= White-collar boxing =

Participation of white collar workers in boxing

White-collar boxing is a form of boxing in which people in white-collar professions train to fight at special events. Most have had no prior boxing experience.

==Early history==
White-collar boxing has its beginnings at Gleason's Gym in New York City. Gym owner Bruce Silverglade began organizing informal fights between the white-collar workers of his clientele in the late 1980s, which later developed into regular monthly events. After developing into a regular monthly event, the sport came to prominence in the mid-1990s under the organization of boxing promoter Alan Lacey. Alan, along with business partners, went on to promote white-collar boxing in the United Kingdom.
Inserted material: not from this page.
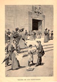 "Salida de los Trinitarios" grabado-ilustración sobre una pintura del mismo nombre de Manuel Puig Genís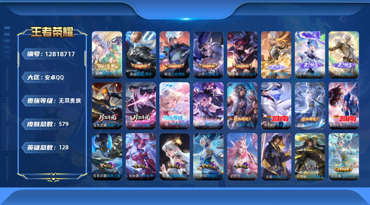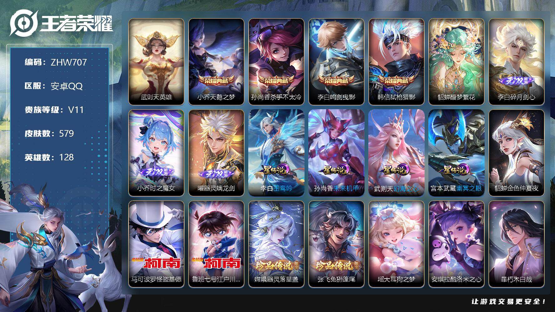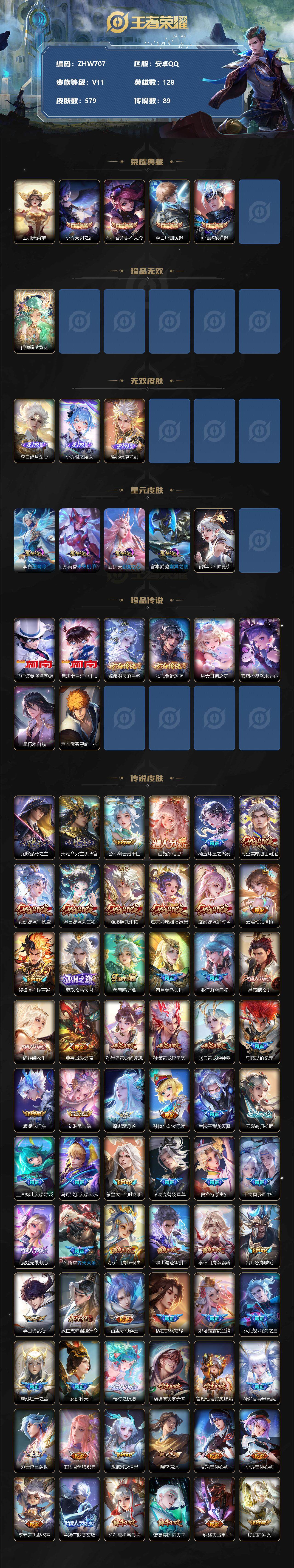 [12818717]q社交限制(包人脸)【特价急出/详情看图】安卓Q-V11-最强王者段位-128英雄-579皮肤-4典藏-1珍品无双-3无双-8珍品传说-89传说-200史诗

Other shows like Celebrity Fight Night went on to thrive in the UK. By 2004, over 65% of Gleason's Gym membership was from a white-collar background, compared to 10% in the early 1990s. The increase of membership from this demographic has been credited with maintaining the profitability of boxing gyms in the US and UK with large shows like WCB & Ultra White Collar.
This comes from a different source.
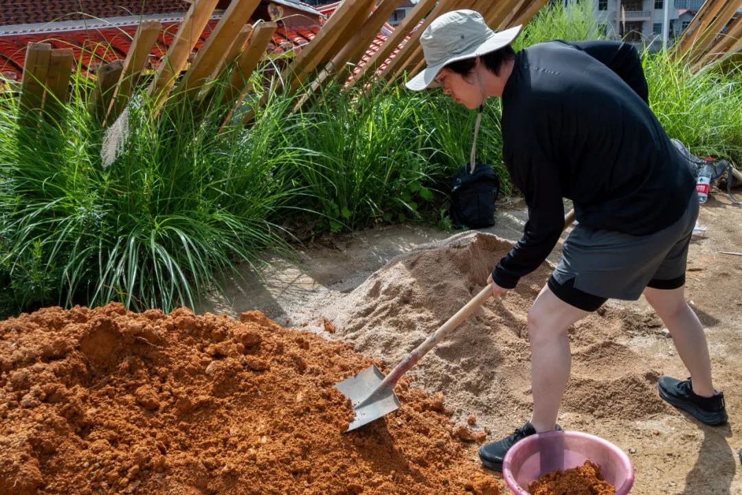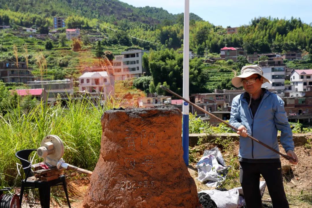 本年度继续选定下草埔遗址所在青洋村村委会东南侧的广场作为实验场地。2024年实验考古“青阳二号” “青阳三号”炼炉所建炉基与炉底结构基本保存,本次对 “青阳二号”炉底进行二分之一解剖后,依靠残留半边炉底起建新的炼炉“青阳四号”,用于块炼铁冶炼;对“青阳三号”炉底清理干净后修建炒钢和锻打用小型碗式地炉“青阳五号”。

Event management consultant Alan Lacey, who co-promoted the Gary Stretch vs. Chris Eubank WBO middleweight championship bout in 1991, belatedly discovered boxing training at the age of 45. Captivated and motivated by the discipline over the following years, he started training under former European champion Jimmy McDonnell and alongside two-time Olympian and world title challenger Adrian Dodson, who having spent most of his youth at Gleason’s Gym in New York suggested Lacey fulfill his ambition to box, even at the age of 48, and arranged for him to visit Gleason's and box there. On the flight back to London, Lacey decided white-collar boxing could flourish in London.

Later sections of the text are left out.